NSSF risks losing Sh1b with collapsed broker

Mr Alex Kazongo, NSSF Managing Trustee (left) and Mrs Stella Kilonzo, Capital Markets Authority CEO (right)

Pension savers were on Tuesday headed for a big blow as the capital markets regulator unveiled its plan to wind up Discount Securities, a collapsed stockbroker with which the National Social Security Fund (NSSF) had invested billions of shillings.

NSSF, the public pensions service provider, could get as little as Sh50,000 out of the Sh1.2 billion it had put in the hands of Discount Securities according to the investor compensation plan that the Capital Markets Authority (CMA) released.

The revelation casts a dark cloud over NSSF’s earnings outlook.

CMA said it would use the Investor Compensation Fund to cut the losses of retail investors who had bought shares at the securities exchange through the collapsed broker up to the statutory limit of Sh50,000.

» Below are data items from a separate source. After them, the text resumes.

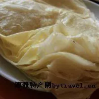 筋餅又叫草帽餅,東北特產(chǎn)。 它透明薄薄的好像每層都浸了油,香而不膩。 原料:面粉1.1千克、豆油250克、精鹽20克、花椒面少許 制作方法:1、將1千克面粉倒在案板上,加475克溫水、10克鹽和成比油餅稍硬一些的面團(tuán),餳15分鐘。2、將100克面放在碗內(nèi),加10克精鹽、花椒面和150克豆油拌成軟酥備用。3、將餳好的面團(tuán),搓成條,揪成250克一個的面劑,稍按,用油杖子搟成長33厘米、13厘米寬的薄片,把軟油酥均勻抹上。然后兩手拿住上端橫頭,一反一正地反復(fù)折疊到頭為止,抻長。從左向右翻過來面朝上,再從左向右盤起餅劑呈草帽狀,餳10分鐘。4、把餅劑翻過來,稍按,用油搟面杖搟成直徑約46厘米的圓餅即成。5、把平鍋燒七至八成熱時,先刷一層油,把餅用油杖子托下平鍋先“搶面”,后找火,可用兩手掌推轉(zhuǎn),見餅兩面出金黃色、呈丁字形花時即熟。用鏟刀鏟出,一切五半,上桌即可。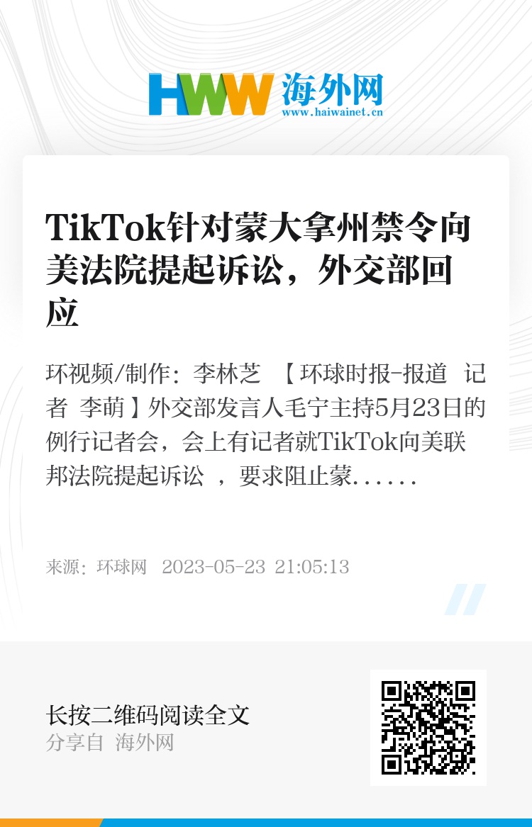【环球时报-环球网报道 记者 李萌】外交部发言人毛宁主持5月23日的例行记者会,会上有记者就TikTok向美联邦法院提起诉讼 ,要求阻止蒙大拿州实施禁令一事进行提问。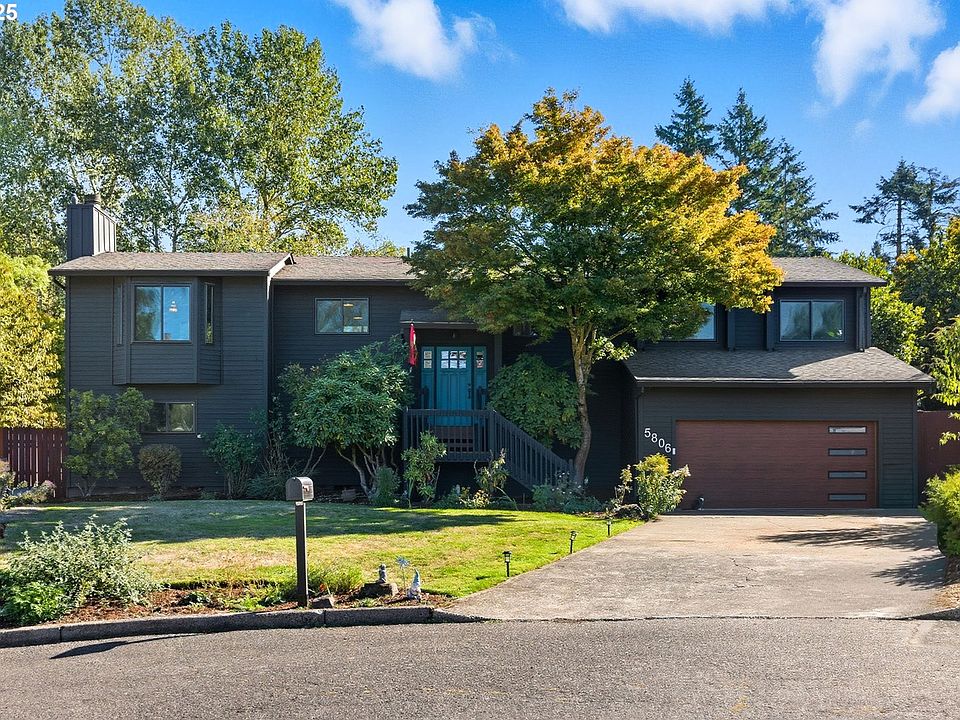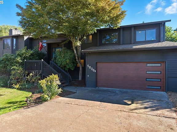 This beautiful NW contemporary home boasts updates galore and a great floor plan with ample living space. The upper level of this home has vaulted ceilings with beautiful wood detailing and living space reaching the distance of the home, from the open plan kitchen to the cozy living room with wood-burning fireplace, the home office and family room. This home is ideal for entertaining. The living space spills out on to two newly resurfaced decks, upper and lower level, that are ideally situated to take in the large yard, which backs to Dickinson Park. Upper deck has a natural gas hookup for a grill. Three bedrooms (and a bonus room/non-conforming 4th bedroom) are all on the lower level in a daylight basement which also orients toward the expansive backyard. They are spacious and light-filled, and the primary suite offers its own access to the back deck. The home has a remodeled kitchen, durable engineered bamboo floors throughout, a dedicated laundry room, updated electrical panel, new gas water heater (2024) and HVAC (2022). Located on a cul-de-sac in a wonderful neighborhood! [Home Energy Score = 1. HES Report at https://rpt.greenbuildingregistry.com/hes/OR10192331]

Stella Kilonzo, the CMA chief executive, said the compensation, which starts this month, will be done in phases. “Investors will be paid a maximum of Sh10,000 in the first phase that starts on February 8 (today) with the balance payable in the second phase to be announced later,” she said.

Though it may help restore the confidence of thousands of retail investors in the stock market, the low level of compensation sets up big investors such as the NSSF for big losses with far-reaching consequences on the social scene.

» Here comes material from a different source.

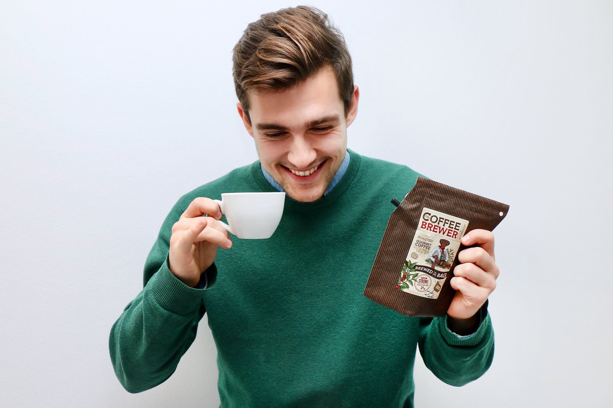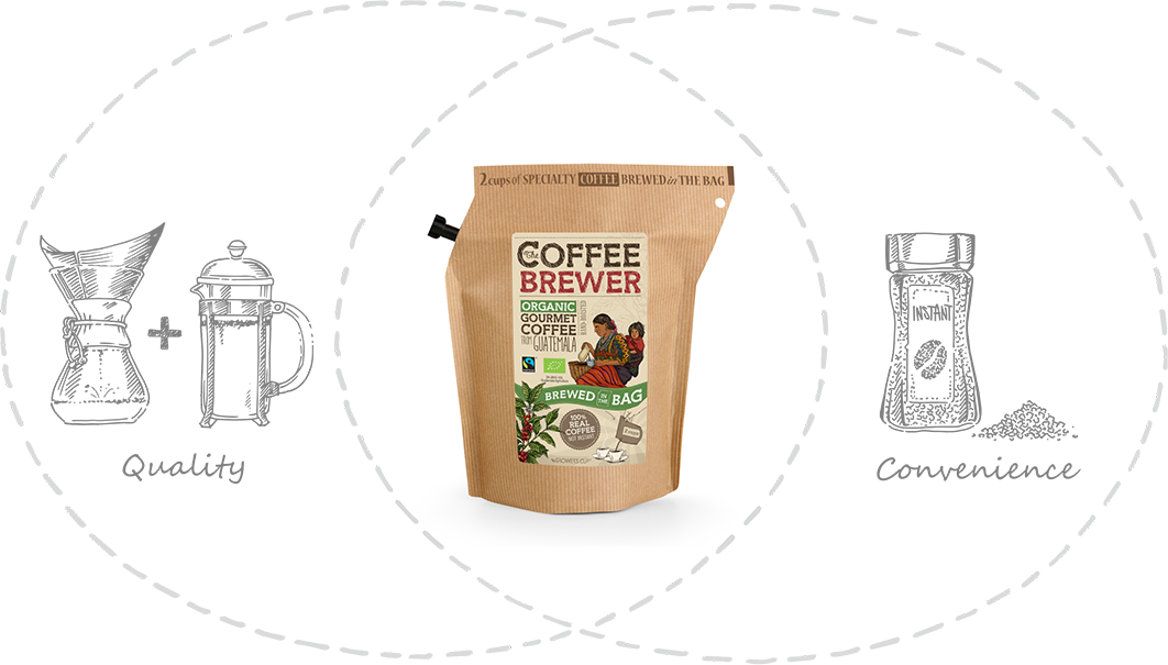 I actually came up with the idea of how to brew the high-quality coffee and convenient coffee back in 2003 and on the basis of the idea set up the company. The rough history is that at a certain point of time I ended up not having any filters for my drip filter coffee machine and I started to think that there must be a better way to brew a decent cup of coffee. So, I started experimenting with different tea bags. I cut them open and filled them with coffee grounds. This idea led to the product that we see today where we have a stand up pouch with an inside filter containing freshly ground coffee. The consumer simply has to add hot water into the pouch to brew 2 cups of rich gourmet coffee.

“The poor state of the market is partly linked to low retail investor participation but what is important is the regulator taking preemptive steps to stop this from happening again,” said Fred Mburu, the chief executive officer Apollo Asset Management Company.

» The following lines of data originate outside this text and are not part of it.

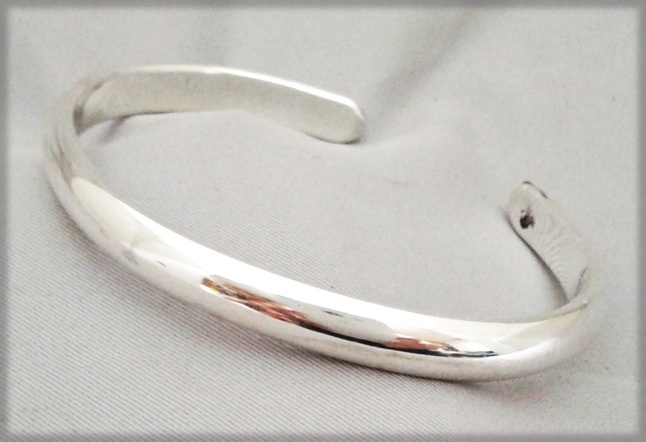 Constructed from Sterling Silver heavy Half Round Wire, this is a Cuff I never take off……With a 6.5″ length and a 1″ opening, the Cuff may be easily opened or closed to your perfect fit. Sterling Silver does not rust and can be worn day and night and when bathing. A Classic Must Have Bracelet!!! Need a different size? Contact us for Multiple or Custom Sized Orders. Please allow 2 weeks from Order to Shipment.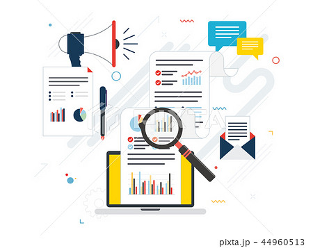 Vector illustration of data analysis concept featuring a magnifying glass over charts and graphs. Ideal for marketing, research, and analytics themes in digital and print media.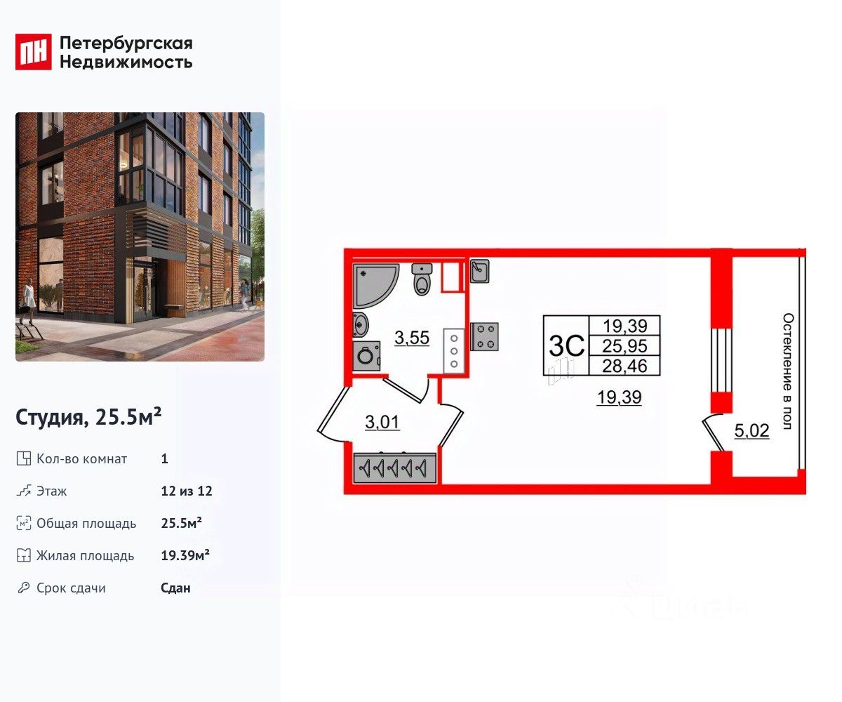 Продается просторная студия от застройщика в жилом комплексе "Сенат" в престижном Московском районе.
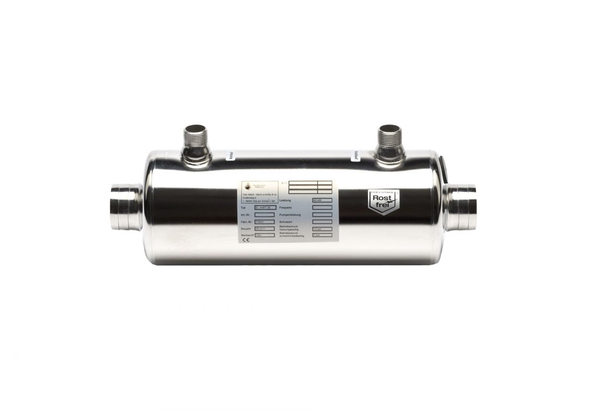- hőcserélő anyaga: AISI 316 – 1.4404 rozsdamentes acél belső és ház + rozsdamentes acél fali rögzítőbilincsek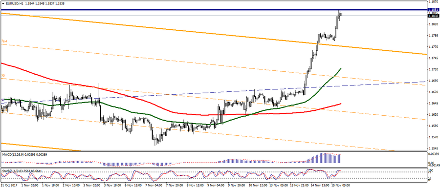 Основные фондовые индексы Европы снижаются в ходе торгов среды. В среднем индексы снизились на -0,80%, что позволяет европейским валютам укреплять свои позиции против доллара США. Немецкий DAX снизился на 1,32%. См. котировки https://ru.tradingeconomics.com/stocks, на фоне чего единая валюта сохраняет позиции против доллара США вблизи дневного максимума на отметке 1,1851.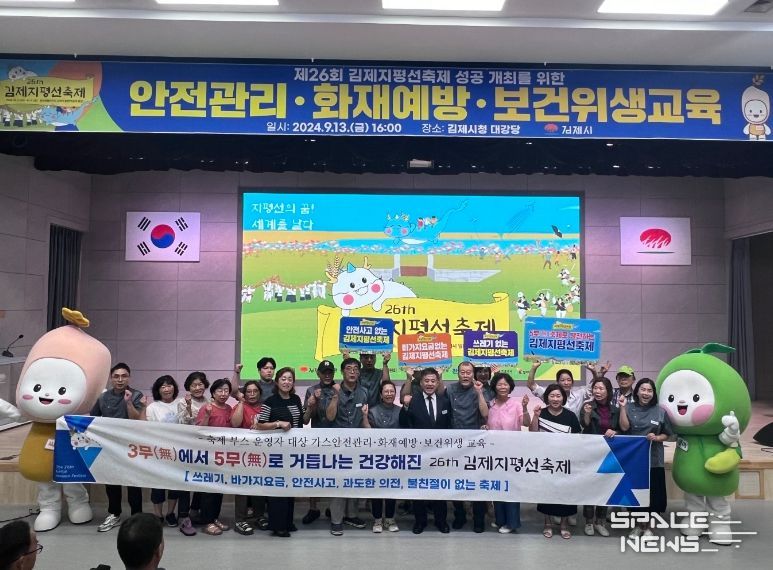 또한 지난 13일 부스 운영자를 대상으로 가스안전관리ㆍ화재예방ㆍ보건위생 교육을 진행했다. 그리고 교육과 함께 제26회 김제지평선축제가 성공적인 5無 축제가 될 수 있도록 일회용품 사용과 쓰레기 발생을 최소화할 것, 음식 가격과 체험비 등 각종 비용을 합리적으로 책정할 것, 교육받은 안전 관련 내용을 숙지하고 실천할 것, 방문객들을 친절히 응대할 것을 함께 선서하며 다짐하는 시간을 가졌다.

NSSF’s managing trustee Alex Kazongo told the Business Daily that the fund had submitted compensation claims running into the billions but was expecting very little from the fund.

“We have put in claims of approximately Sh1.2 billion at cost and Sh2 billion at market value but payments can only be within CMA limits,” he said in a telephone interview.

NSSF is just one of the investors that took a hit when the CMA placed an insolvent Discount Securities under statutory management in 2009.

The broker has since been found to have had serious corporate governance and liquidity problems before the regulator moved in.

Discount’s collapse in 2009 only deepened a stock market confidence crisis that began with the insolvency of Francis Thuo and Partners in 2007 and Nyaga Stockbrokers in 2008.

Its fall came at the height of a prolonged market dip in the wake of the 2008 post-election turmoil and global economic crisis that further dented investor confidence in the Nairobi bourse.

CMA appointed a statutory manager to run Discount Securities when it had an estimated 100,000 clients, whose shares had allegedly been sold without their knowledge.
The corporate governance crisis at Discount was found to have been so deep that it had no certificates for shares it bought on behalf of the NSSF in a five-year period beginning 2004.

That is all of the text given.